Piena di una comica rabbia, la vecchia domestica scattò in piedi, fissò minacciosa il tavolo a cui sedeva Lord Fox e si lanciò in avanti per dargliele di santa ragione. Bruto, però, che era un tipo poco impulsivo, la trattenne afferrandole la gonna tra i denti, ma Katrina, che non se n’era accorta, continuò per un bel pezzo a muovere passi che non faceva e a gesticolare nell’aria: “Brutto mascalzone, villano, assassino, cafone, se osi toccare Isa te la faccio vedere io!”
Fu solo quando si fu ripresa un po’ che ricominciò a ragionare. No. Non poteva agire adesso, lei era da sola, mentre loro erano in tanti. Cosa poteva fare una vecchia domestica? C’era bisogno di un piano d’azione. Ma cosa potevano fare? Il matrimonio era appena l’indomani! Isadora era in grave pericolo, e non sospettava nulla!!
“Calma, Katrina” si disse a mezza voce: “La prima cosa da fare è avvertire il padrone. Una cosa è certa: Isadora ha bisogno di noi!”   
Di colpo, Lord Fox voltò la testa verso di lei. Katrina si girò di scatto, afferrò un ventaglio da un altro tavolo e se lo piazzò sulla faccia per nasconderla. Il mascalzone non doveva accorgersi che l’aveva smascherato. Si avviò alla porta assieme a Bruto continuando a sventagliarsi col ventaglio. Fissò accigliata Lord Fox. “Gongola pure” borbottò: “Ma presto la pagherai! I crudeli vengono sempre puniti!”

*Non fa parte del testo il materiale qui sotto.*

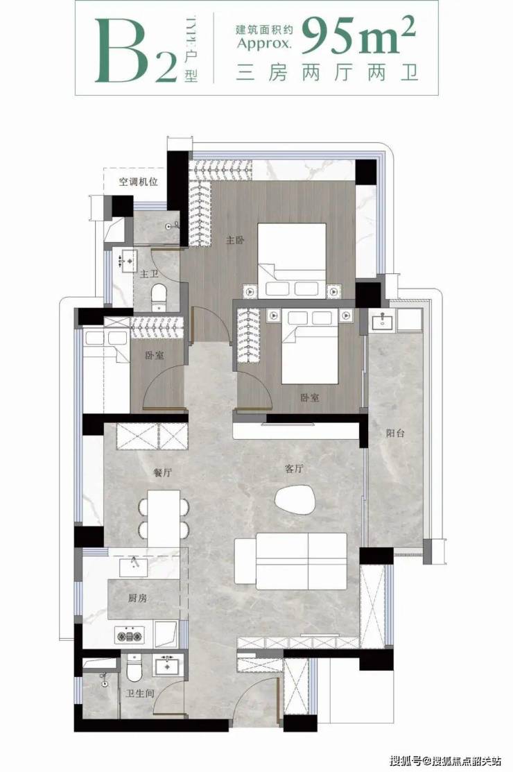 95㎡3+1房两厅两卫:四开间南向,客厅超5.55米宽,大方厅空间超44平方米,得房率破100%,适合多口之家。

“Che fai, nonna?” le chiese l’oste allegramente quando gli passò accanto: “Parli da sola?”
“Prendo un po’ d’aria” rispose lei. Uscì dalla locanda scoccando un’altra occhiataccia al mascalzone che li aveva ingannati tutti e che voleva uccidere Isa.
 
Quando tornò al maniero, dopo una corsa forsennata in calesse, la notte stava già lasciando il posto ad una pallida alba rosata. Katrina fissò angosciata la strisciolina di sole adagiata sull’orizzonte: il tempo scorreva. Era come se la vita di Isadora fosse appesa ad un orologio pronto a suonare le dieci.

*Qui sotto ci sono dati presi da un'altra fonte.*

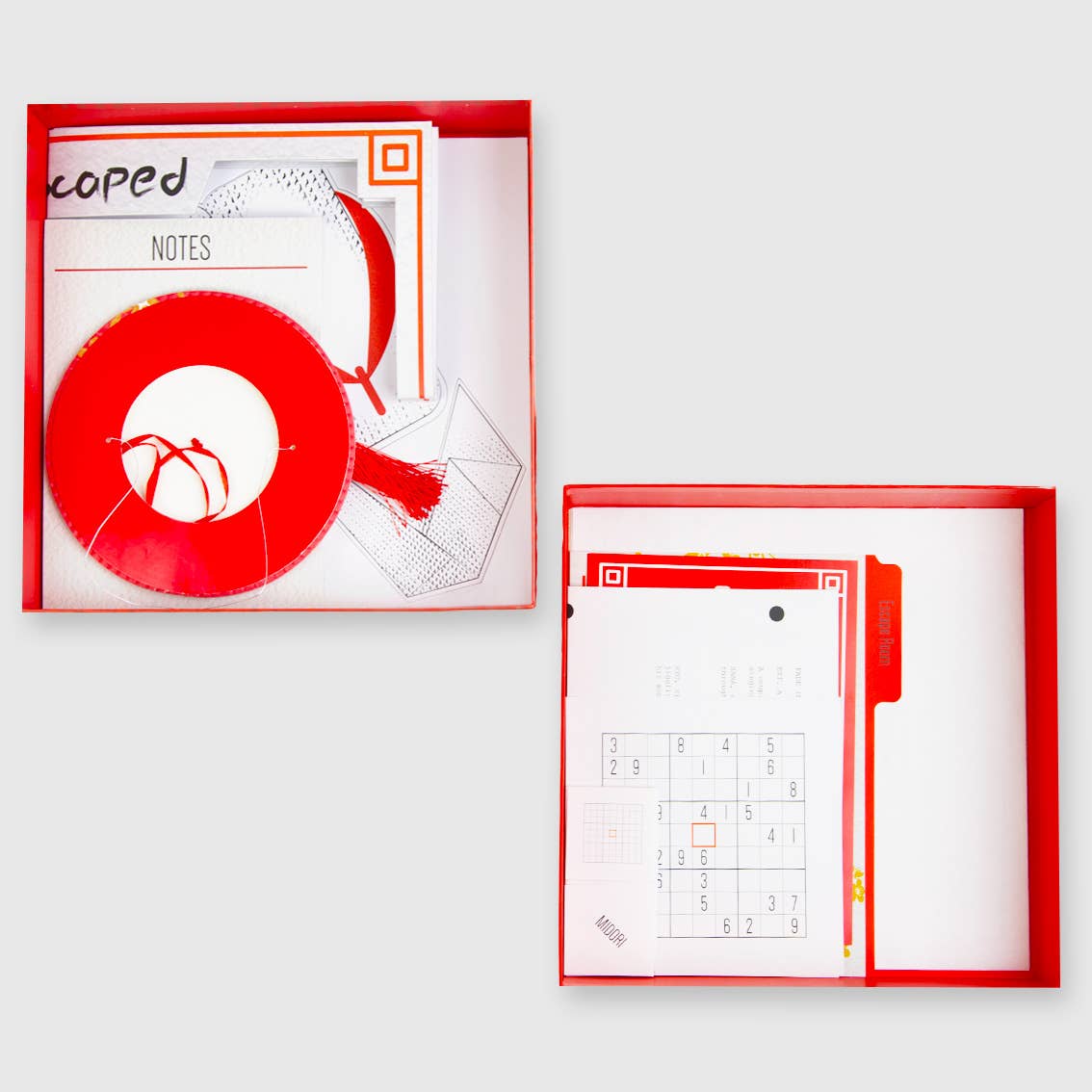 Japanese Themed Escape Room Game Kit by Talking Tables. Trapped inside a cinema in the heart of Tokyo, you must use lateral thinking to work your way out before one hour is up. Solve the sequence of riddles, clues and conundrums to crack codes and escape the room before time runs out. With a fun interactive ending using your smart phone or tablet!

Una volta di fronte al maniero, Katrina non attese nemmeno di fermare il calesse e già correva forsennatamente dentro alla costruzione. Passò in mezzo a cocci infranti, sedie rotte e mobili a pezzi senza fermarsi mai. Il cuore le batteva forte dentro alla gracile cassa toracica.
“Padrone!” chiamò. Non le rispose nessuno, così insistette: “Padrone!”
Superò la stanza da letto del padrone correndo, ma si bloccò di colpo e tornò sui suoi passi: l’orco era dentro, ma non distruggeva né fracassava più. Era una figura solitaria in mezzo ad un catafascio di mobili fatti a pezzi. Sedeva sul letto rovinato e le dava le spalle, la schiena curva. Non sembrava neanche essersi accorto di lei. Ansimando, Katrina si appoggiò allo stipite della porta: “Padrone…”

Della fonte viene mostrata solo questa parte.